Weather forecasting in the 1920s relied on reports compiled by unofficial and amateur observers. They could record rainfall, temperature, pressure and other ground level observations easily enough, but the recording of high level atmospheric conditions, required for more detailed forecasting, was difficult. It consisted mainly of written descriptions of cloud formations. By the 1920s trials had been carried out using photography, but a large number of photographs were needed to capture the whole sky. This is where Hill comes back into the picture. He had read a research paper, written in 1906 by Professor R.W. Wood of Johns Hopkins University in the US, describing what Wood called a fish-eye camera. Wood used a bucket of water, a pinhole camera, and a mirrored glass to produce an image that compressed a 180 degree view into a fish’s perspective. Hill thought he could develop this idea to take photographs of clouds, with one image capturing the whole sky. After he graduated in 1922 he had some time on his hands until he obtained a post as a research student and during this period he developed a camera with a bullseye or pinhole lens. He did away with the bucket of water by using a hemispherical glass lens. Hill produced a number of simple cameras consisting of a lens built into a flat wooden box and in 1924, together with commercial camera and lens maker R and J Beck Ltd, had a design patented for the first commercially available fish-eye, or cloud, camera. Despite his increasingly busy biochemistry research work, Hill continued, together with Beck’s help, to refine his design into the 1930s and was involved in correspondence on the subject well into the 1960s. The camera, however, did not have quite the commercial impact hoped for. From the early 1930s meteorologists started using balloon based instruments and, later, newer technologies such as radar, and cloud photography and the role of amateur observers became obsolete.

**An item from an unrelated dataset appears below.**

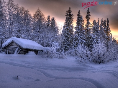Puzzle Śnieg, Zima, Dom, Drzewa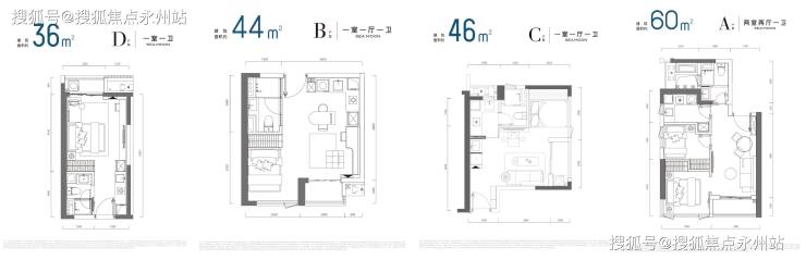 公寓:36-60㎡一至两房(总价200万起),精装交付,通燃气,单价为住宅的6-7折(6-8万/㎡)。

Hill’s collection of papers, held here in the Department of Archives and Modern Manuscripts, mostly contains records of his work in biochemistry, but there is also a section on the fish-eye lens. There are many examples of Hill’s cloud photography, but there are also a few photographs of other subjects, such as the ceiling of Ely Cathedral, taken to analyse the accuracy of the camera, and various buildings taken as test shots. This one, however, seems to be more of a snapshot of a family holiday, possibly in Scotland.
The catalogue for the collection has recently been published on ArchiveSearch, and the collection is available to view in the Manuscripts Reading Room. Two interesting articles on Hill’s camera, written by John Marriage using his research into the collection, have been published in Photographica World, numbers 173 (Jan 2023) and 174 Feb 2023. Three of Hill’s cameras are held at the Whipple Museum here in Cambridge.